**Supplied data:**
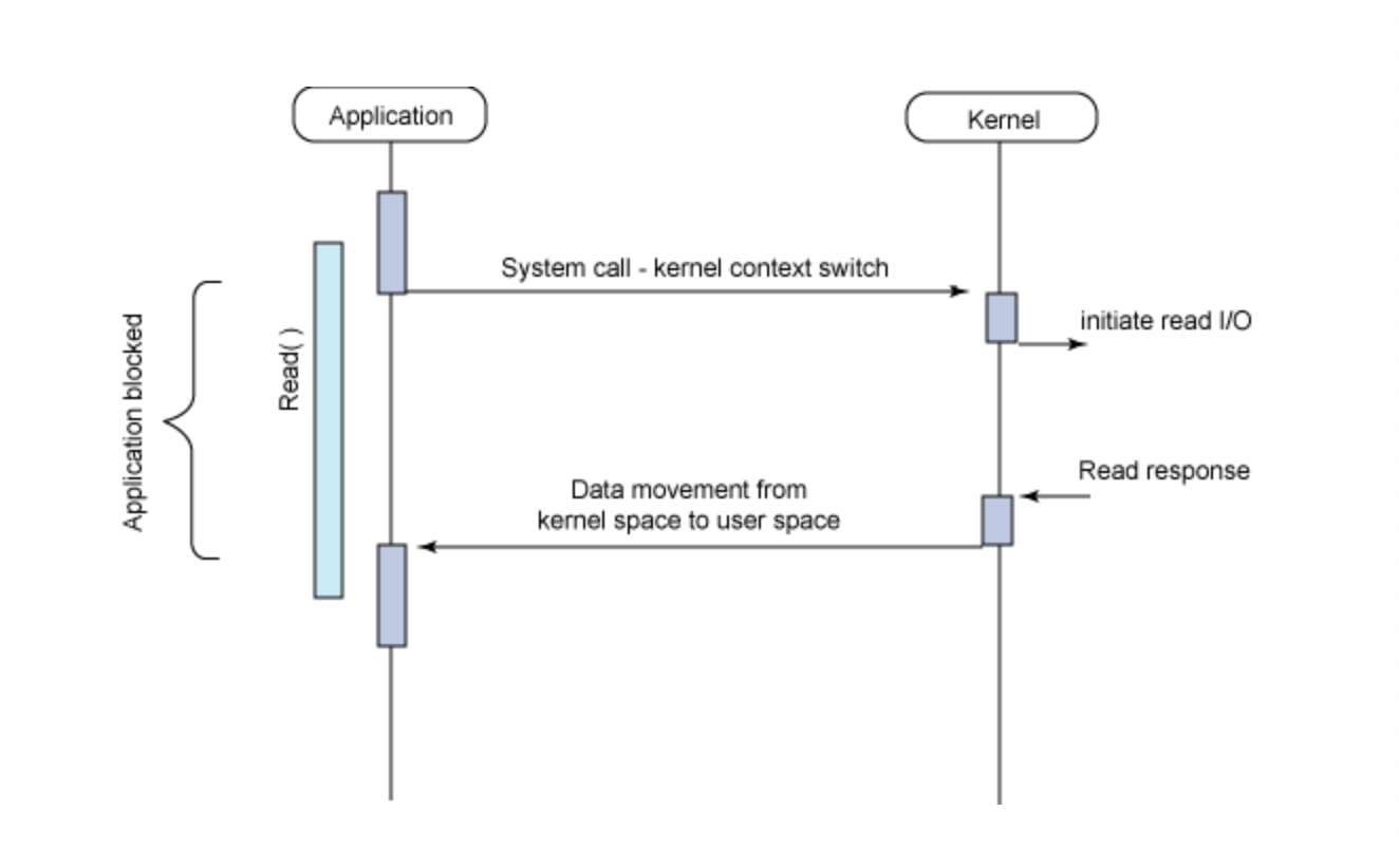 I/O ์์ ์ User๋ ๋ฒจ์์ ์ง์ ์ํํ ์ ์๊ณ , ์ค์ IO ์์ ์ ์ํํ๋ ์์น๋ Kernel(์ปค๋, ์ฆ ์ด์์ฒด์ )์์๋ง ๊ฐ๋ฅํ๋ค. ์ ์ ํ๋ก์ธ์ค (or ์ค๋ ๋)๋ ์ปค๋์๊ฒ ์์ฒญ์ ํ๊ณ ์์ ์๋ฃ ํ ์ปค๋์ ๋ฐํํ๋ ๊ฒฐ๊ณผ๋ฅผ ๊ธฐ๋ค๋ฆด ๋ฟ์ด๋ค.
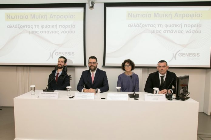 Η κα Ροζέ Πονς, Επίκουρη Καθηγήτρια Παιδιατρικής Νευρολογίας του ΕΚΠΑ, Υπεύθυνη της Ειδικής Μονάδας Παιδονευρολογίας, στην Α’ Πανεπιστημιακή Παιδιατρική Κλινική, του Νοσοκομείου Παίδων «Αγία Σοφία», αναφερόμενη αναλυτικά στη νόσο σημείωσε ότι η Νωτιαία Μυϊκή Ατροφία είναι μια κληρονομική, σπάνια νόσος που χαρακτηρίζεται από απώλεια των κινητικών νευρώνων στο νωτιαίο μυελό και το κατώτερο εγκεφαλικό στέλεχος, με αποτέλεσμα τη σοβαρή και επιδεινούμενη μυϊκή ατροφία και αδυναμία. Σχετικά με τη βαρύτητα της SMA τόνισε ότι σχετίζεται με την ποσότητα της Πρωτεΐνης Επιβίωσης του Κινητικού Νευρώνα (SMN – Survival Motor Neuron protein). Τα άτομα με SMA Τύπου 1, την πιο σοβαρή μορφή της νόσου, απαιτούν την πλέον εντατική υποστηρικτική φροντίδα, καθώς παράγουν πολύ μικρή ποσότητα πρωτεΐνης SMN και δεν έχουν την ικανότητα να παραμένουν σε καθιστή θέση χωρίς υποστήριξη ή να επιβιώνουν πέραν των δύο ετών χωρίς υποστήριξη της αναπνοής. Τα άτομα με SMA Τύπου 2 και Τύπου 3 παράγουν μεγαλύτερες ποσότητες της πρωτεΐνης SMN και εμφανίζουν λιγότερο σοβαρές μορφές της νόσου, οι οποίες όμως και πάλι προκαλούν αναπηρία και δυσχεραίνουν σημαντικά τη ζωή των ασθενών. Η συχνότητα εμφάνισης της Νωτιαίας Μυϊκής Ατροφίας, σημείωσε η κα Πονς είναι 1-2/100.000 του πληθυσμού, ενώ κάθε χρόνο εμφανίζονται 8.5-10.3 νέα περιστατικά/100.000 ζωντανές γεννήσεις. Ο τύπος 1 αντιπροσωπεύει περίπου το 50% των νέων διαγνωσμένων ασθενών αλλά η εξαιρετική σοβαρότητα του τύπου 1 έχει ως αποτέλεσμα το χαμηλό επιπολασμό. Η κα Πονς ανέφερε σχετικά με την κληρονομικότητα ότι «περίπου 1 στους 50 ανθρώπους είναι φορέας της SMA. Στην Ευρώπη υπολογίζονται περίπου 12-18 εκ. φορείς ενώ στην Ελλάδα κυμαίνονται μεταξύ 180-270 χιλιάδες».
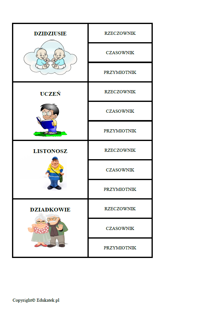 Gra utrwalająca prawidłowe wskazywanie podstawowych części mowy – zestaw kart zawierających ćwiczenia gramatyczne. Podczas zabawy dzieci utrwalają gramatykę (w zakresie rzeczowników, czasowników i przymiotników).

**Assignment:**
What is needed is the full material, retyped unchanged, with no pictures in it.

**Solved exercise:**
 I/O ์์ ์ User๋ ๋ฒจ์์ ์ง์ ์ํํ ์ ์๊ณ , ์ค์ IO ์์ ์ ์ํํ๋ ์์น๋ Kernel(์ปค๋, ์ฆ ์ด์์ฒด์ )์์๋ง ๊ฐ๋ฅํ๋ค. ์ ์ ํ๋ก์ธ์ค (or ์ค๋ ๋)๋ ์ปค๋์๊ฒ ์์ฒญ์ ํ๊ณ ์์ ์๋ฃ ํ ์ปค๋์ ๋ฐํํ๋ ๊ฒฐ๊ณผ๋ฅผ ๊ธฐ๋ค๋ฆด ๋ฟ์ด๋ค.
 Η κα Ροζέ Πονς, Επίκουρη Καθηγήτρια Παιδιατρικής Νευρολογίας του ΕΚΠΑ, Υπεύθυνη της Ειδικής Μονάδας Παιδονευρολογίας, στην Α’ Πανεπιστημιακή Παιδιατρική Κλινική, του Νοσοκομείου Παίδων «Αγία Σοφία», αναφερόμενη αναλυτικά στη νόσο σημείωσε ότι η Νωτιαία Μυϊκή Ατροφία είναι μια κληρονομική, σπάνια νόσος που χαρακτηρίζεται από απώλεια των κινητικών νευρώνων στο νωτιαίο μυελό και το κατώτερο εγκεφαλικό στέλεχος, με αποτέλεσμα τη σοβαρή και επιδεινούμενη μυϊκή ατροφία και αδυναμία. Σχετικά με τη βαρύτητα της SMA τόνισε ότι σχετίζεται με την ποσότητα της Πρωτεΐνης Επιβίωσης του Κινητικού Νευρώνα (SMN – Survival Motor Neuron protein). Τα άτομα με SMA Τύπου 1, την πιο σοβαρή μορφή της νόσου, απαιτούν την πλέον εντατική υποστηρικτική φροντίδα, καθώς παράγουν πολύ μικρή ποσότητα πρωτεΐνης SMN και δεν έχουν την ικανότητα να παραμένουν σε καθιστή θέση χωρίς υποστήριξη ή να επιβιώνουν πέραν των δύο ετών χωρίς υποστήριξη της αναπνοής. Τα άτομα με SMA Τύπου 2 και Τύπου 3 παράγουν μεγαλύτερες ποσότητες της πρωτεΐνης SMN και εμφανίζουν λιγότερο σοβαρές μορφές της νόσου, οι οποίες όμως και πάλι προκαλούν αναπηρία και δυσχεραίνουν σημαντικά τη ζωή των ασθενών. Η συχνότητα εμφάνισης της Νωτιαίας Μυϊκής Ατροφίας, σημείωσε η κα Πονς είναι 1-2/100.000 του πληθυσμού, ενώ κάθε χρόνο εμφανίζονται 8.5-10.3 νέα περιστατικά/100.000 ζωντανές γεννήσεις. Ο τύπος 1 αντιπροσωπεύει περίπου το 50% των νέων διαγνωσμένων ασθενών αλλά η εξαιρετική σοβαρότητα του τύπου 1 έχει ως αποτέλεσμα το χαμηλό επιπολασμό. Η κα Πονς ανέφερε σχετικά με την κληρονομικότητα ότι «περίπου 1 στους 50 ανθρώπους είναι φορέας της SMA. Στην Ευρώπη υπολογίζονται περίπου 12-18 εκ. φορείς ενώ στην Ελλάδα κυμαίνονται μεταξύ 180-270 χιλιάδες».
 Gra utrwalająca prawidłowe wskazywanie podstawowych części mowy – zestaw kart zawierających ćwiczenia gramatyczne. Podczas zabawy dzieci utrwalają gramatykę (w zakresie rzeczowników, czasowników i przymiotników).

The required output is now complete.